Присел Еська на берегу, развязал котомку.
Передохну, думает, и брода поищу.
Вдруг слышит голос:
– Ступай скорей отседова.
Вот те и гостеприимство! Глядит кругом – никого. Только ива ветками сильнее зашевелила.
– Ты, что ль, ива?
– Я. Только не ива я. Была я некогда девицей, звали меня Ирушкой. Послала меня мамка на́ берег три ширинки стирать: одну шёлком шиту, другую – се́ребром отороченну, а третью – золотой нитью изукрашенну. Всех их я вымыла, да на ветку сушиться повесила. А сама купаться вздумала. Вдруг сверху Чудо Трёхъелдовое как налетит, схватило ширинки и шасть ввысь. Я на берег выскочила, звать на помощь стала. А Чудо оттеда, с высито, как зыркнет, я и обомлела. Чую: будто ноги в землю вросли. Хотела руками взмахнуть, а на их – листья. Крикнуть пытаюсь – шелест раздаётся. Вот так, была я Ирушкой, да стала ивушкой. А Чудо Трёхъелдовое что ни день сюда прилётывает, е́лды свои в воде полощет. Ты, видать, парень лихой, да только не ищи встречи с ним.

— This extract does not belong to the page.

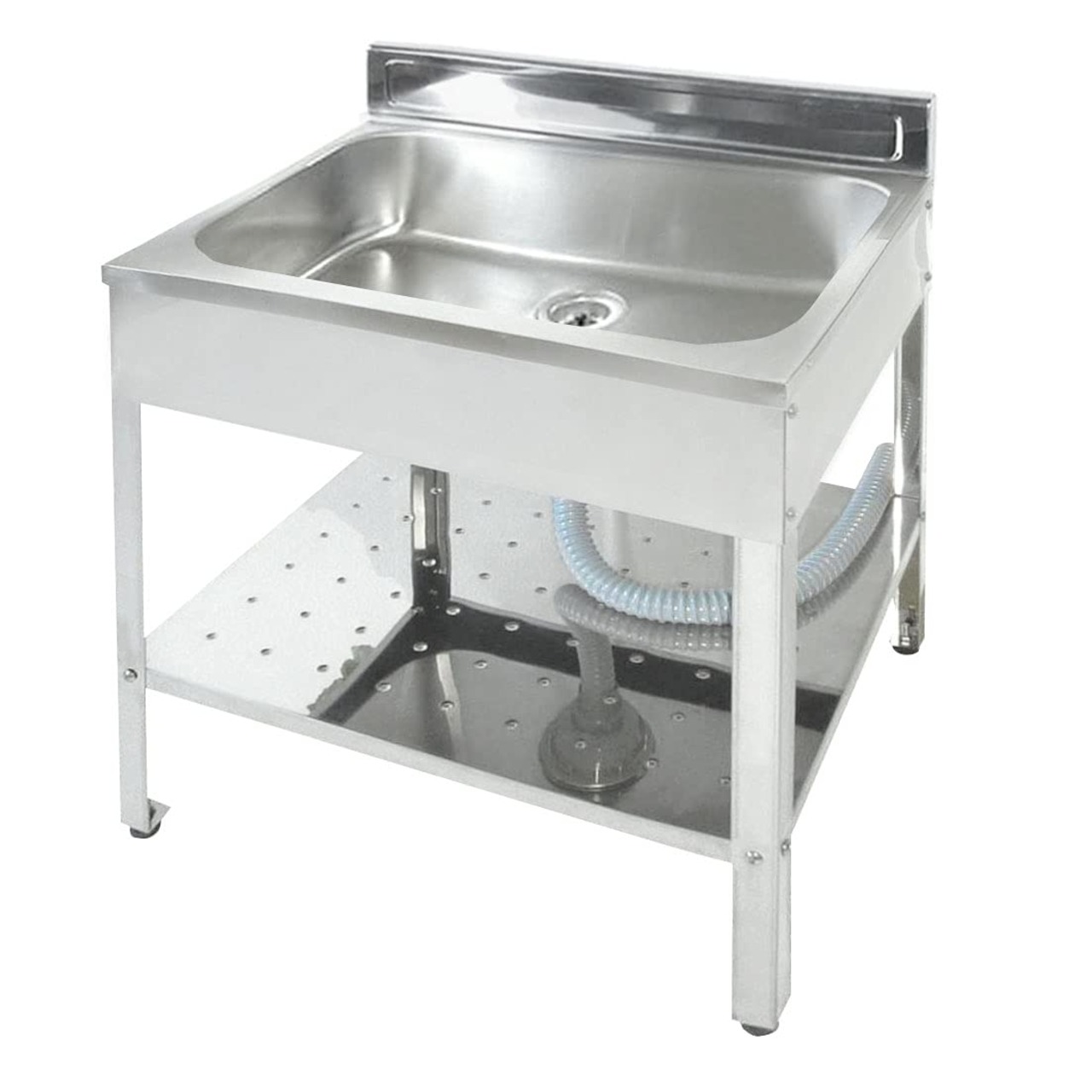 材質:本体・棚板:SUS430 パッキン:合成ゴム アジャスターネジ部:スチール アジャスター皿部:ポリエチレン 排水栓:ABS樹脂 ホース:塩化ビニール(80cm)

– Нет, милая, – Еська ей отвечает. – Дождусь я его, поганого. А ты спрячь меня промеж веток-то своих.
– Да почто тебе это надобно?
– А там видно будет.
Тут вихорь поднялся. Еська промеж веток затаился, да подпояску свою приготовил, а портки-то верёвкой, которой котомка перевязана была, прихватил. Хоть и неудобно энто было, потому верёвка куды короче опояски оказалася. Глядь: сверху Чудо Трёхъелдовое спускается. Одна елда спереди болтается, да с боков – по одной. Заместо рук крылья, шкура овечья, а голова человечья.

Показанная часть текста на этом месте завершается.